When talking with others, we too often listen in order to respond, instead of listening to try to hear the words said and unsaid. In this way, we fail to see our friend, we fail to notice the break in the voice, the shifting gaze or uncomfortable posture as they struggle to share their truth. And we miss an opportunity to see, and to deeply connect, with the Divine in another person. As often as possible, we must remind ourselves, the onus cannot be on those suffering to ask for help – it is upon us to reach IN.

We move through these Days of Awe seeking forgiveness from others and from the Eternal One. We hear how we need to change ourselves and our world. Perhaps we can take a minute to focus on forgiving ourselves for not doing all that is expected of us, and find a way to accept our own forgiveness.

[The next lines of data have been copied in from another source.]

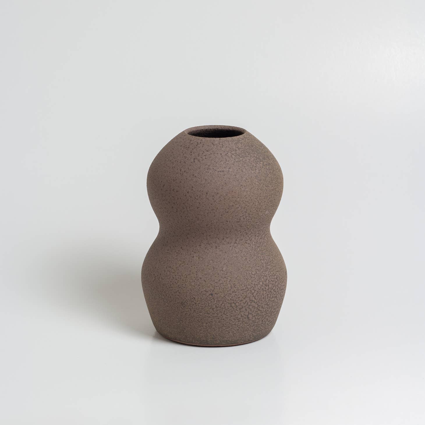 Vase aus strukturierter brauner Glasur, die die faszinierende und reine Schönheit vulkanischer Texturen widerspiegelt. Diese moderne und minimalistische Vase ist wasserdicht und ermöglicht es Ihnen, frisch geschnittene Blumen oder trockene Blumen hineinzustellen, oder Sie können sie als reine Dekoration verwenden, ohne etwas hinzuzufügen
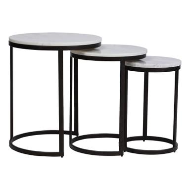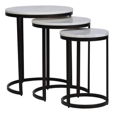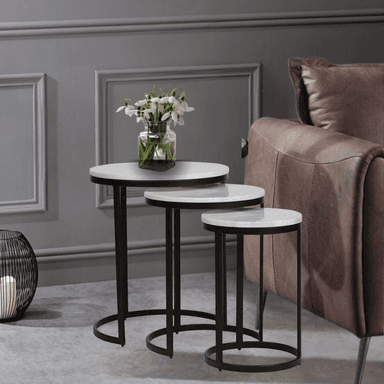 Gracefully versatile, the Nelson Nesting Marble Tables in black finish offer elegance that adapts to your needs—perfect for displaying, serving, or simply accentuating your living space with a touch of luxury.
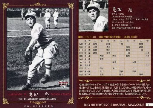 Nombre comercial en japonés: BBM/レギュラーカード/黒鷲軍/BBM2012 NO-HITTERS「PB歴代ノーヒットノーラン達成者カード」 11 [レギュラーカード] : 亀田忠
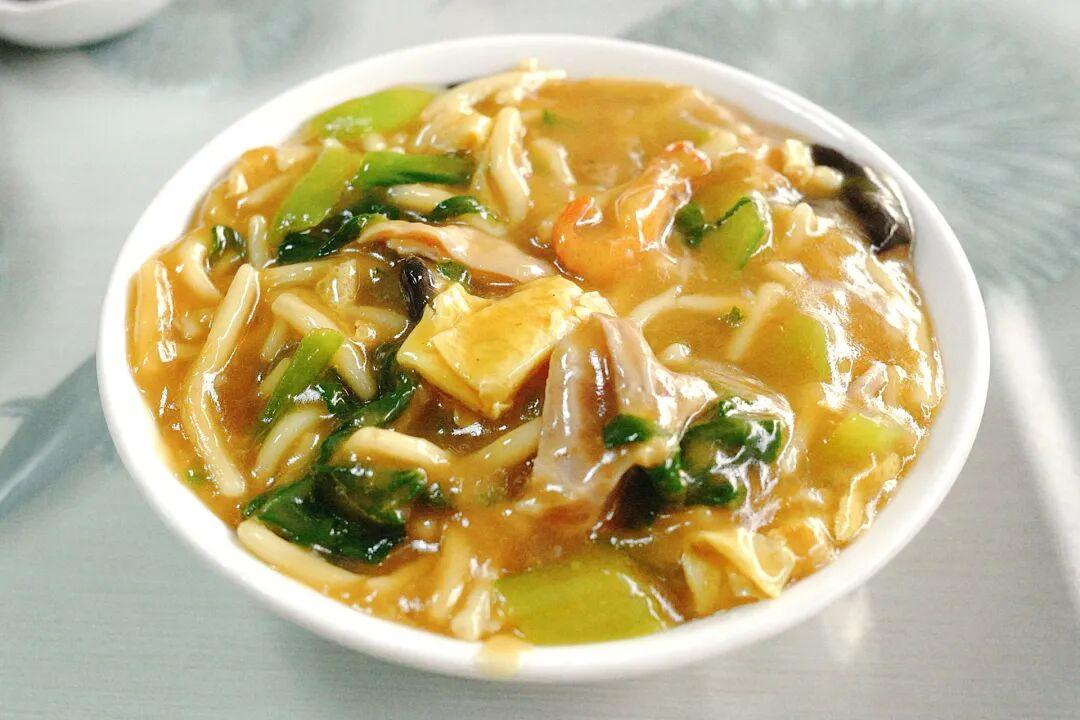 現在的沃面配料就非常豐富來,豬肚、河蝦、蛋皮、青菜、木耳……加澱粉勾芡,各種風味融合在一起,喫起來是比較爛糊的口感,有很濃厚的豬油香,鹹鮮軟乎。
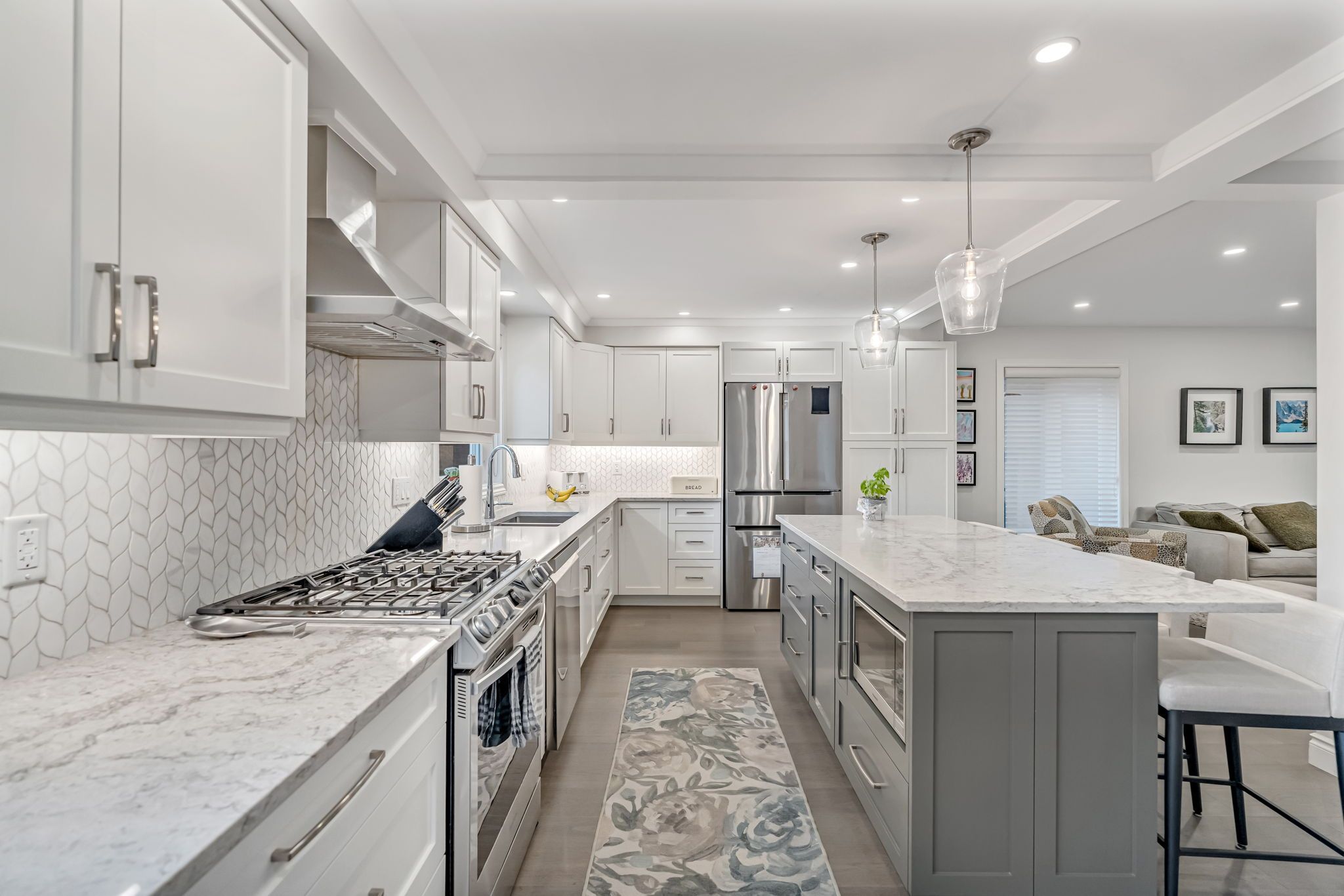 • Open concept main floor with a modern chef's kitchen and dining area.

Let us take a few moments to consider the words of Rabbi Rachel Barenblat’s A Personal Confession, on page 301 of our machzor. Please read quietly, at your own pace, but softly aloud so that you can take in these words through both your eyes and your ears, in the hope they will find resonance in your soul:

In this new year, may we all find the ability to move our needs just a tiny bit higher on the to-do list.

In this new year, may we all find the resilience within ourselves, and the support from those around us, to face our future with hope

In this new year, may we listen with open hearts and minds, and allow ourselves to see the Divine in every person we encounter

Shana Tova, and g’mar chatima tovah—may we each be inscribed and sealed for blessing, for health, for strength, for hope, and for peace for ourselves, our loved ones, and the world around

Kein y’hi ratzon—may this be God’s will.